Teologia da Libertação

A convulsão produzida pelo Concílio Vaticano II, iniciado em 1962, projetou-se até a América Latina e o Caribe com uma força inusitada. Mudanças como a possibilidade de desenvolver o ritual da missa no idioma de origem, abandonando o latim, e o lançamento da encíclica Populorum Progressio, do papa Paulo VI, em 1967, assentaram as bases para uma reflexão própria da região, que se denominou Teologia da Libertação.

Era uma nova visão não apenas das condições objetivas da região, mas também da instituição religiosa, para desmantelar a triste história de opressão que ela havia exercido desde a obra colonizadora.

A realidade que levou diversos especialistas a pensar numa nova teologia tinha relação com a configuração social, política e econômica que jogava uma importante parte da população na pobreza. A nova visão delineava-se a partir da mudança social, uma vez que as estruturas existentes não eram obra da natureza, mas sim de uma ação política que, envolvendo as instituições, derivava para condições de pobreza e injustiça.

A Teologia da Libertação implicou uma revisão em três instâncias, pelo menos:

a) a interpretação da fé cristã pelo prisma da luta e da esperança de mudança dos pobres;

b) a crítica firme à sociedade e às instituições que abonam a manutenção de um estado de injustiça;

c) a reformulação da ação pastoral e da atividade da Igreja por uma perspectiva crítica e do ponto de vista dos mais pobres.

Esses são seus principais eixos, apesar das múltiplas interpretações que existem tanto no terreno católico como no protestante, e não apenas na América Latina, como também na África e na Ásia.

Um dos expoentes da nova concepção foi o teólogo peruano Gustavo Gutiérrez, autor de Historia, política y salvación de una Teología de la liberación, escrito em 1973. Gutiérrez considera que a pobreza tem um “valor redentor”. Sua teologia concentra-se em uma motivação profunda de amor pelo próximo e é significativa

somente como compromisso de solidariedade com os pobres, com aqueles que sofrem miséria e injustiça. O compromisso é ser testemunha do mal que provém do pecado e transgride a comunhão. Não se trata de idealizar a pobreza, mas de tomá-la tal como é – um mal – para protestar contra ela e lutar por aboli-la. Ir aos pobres, por crucial que fosse, era apenas o primeiro passo.

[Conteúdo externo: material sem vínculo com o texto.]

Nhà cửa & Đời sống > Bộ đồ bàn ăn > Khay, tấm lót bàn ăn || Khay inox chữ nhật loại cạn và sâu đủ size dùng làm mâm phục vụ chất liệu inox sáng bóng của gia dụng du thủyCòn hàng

Outros teólogos proeminentes foram Hugo Assmann, brasileiro, que se concentrou principalmente em traçar um novo método de teologia, e Enrique Dussel, argentino, que desenvolveu categorias filosóficas para compreender a situação de opressão. O livro Teologia e prática (1978), do brasileiro Clovis Boff, concerne às questões metodológicas implicadas na nova teologia. Seu irmão Leonardo Boff, com seu Jesus Cristo libertador, o espanhol (radicado em El Salvador) Jon Sobrino, com Cristología en la encrucijada, e o peruano Hugo Echegaray, com A prática de Jesus, discorreram acerca das lições e implicações da voz de Jesus, mas situando o foco nas condições objetivas do conflito na América Latina.

Entretanto, nos corredores do Vaticano, era visto com olhos pouco amigáveis o compromisso radical adotado pela Teologia da Libertação e seus seguidores com os movimentos revolucionários na América Latina e no Caribe. Em 1983, o então cardeal, e depois Papa, Joseph Ratzinger enviou objeções teológicas a Gustavo Gutiérrez, que foi chamado a Roma para consultas privadas.

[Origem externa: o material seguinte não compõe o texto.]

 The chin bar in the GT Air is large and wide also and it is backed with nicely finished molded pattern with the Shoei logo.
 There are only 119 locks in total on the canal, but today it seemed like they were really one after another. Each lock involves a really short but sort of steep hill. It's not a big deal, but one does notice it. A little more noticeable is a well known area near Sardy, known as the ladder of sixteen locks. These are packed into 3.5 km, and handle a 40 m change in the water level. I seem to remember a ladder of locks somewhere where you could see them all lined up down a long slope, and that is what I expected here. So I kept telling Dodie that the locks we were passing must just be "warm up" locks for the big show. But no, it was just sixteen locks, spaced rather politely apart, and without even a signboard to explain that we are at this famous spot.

Em 1984 foi a vez de Leonardo Boff, convocado para realizar um debate após a publicação de seu livro Igreja: carisma e poder. Apesar de contar com o apoio da hierarquia eclesiástica brasileira, Boff foi proibido de publicar e ensinar por um período de tempo indefinido.

Na verdade, a Teologia da Libertação era um elemento dissonante dos projetos do Vaticano, sustentados por organizações conservadoras como a Opus Dei.

Apesar do contexto eclesial adverso, o futuro dessa teologia contestadora dependerá do desenvolvimento dos acontecimentos na região e de como os pastores se sentirem envolvidos nas condições de empobrecimento cada vez maior de suas comunidades.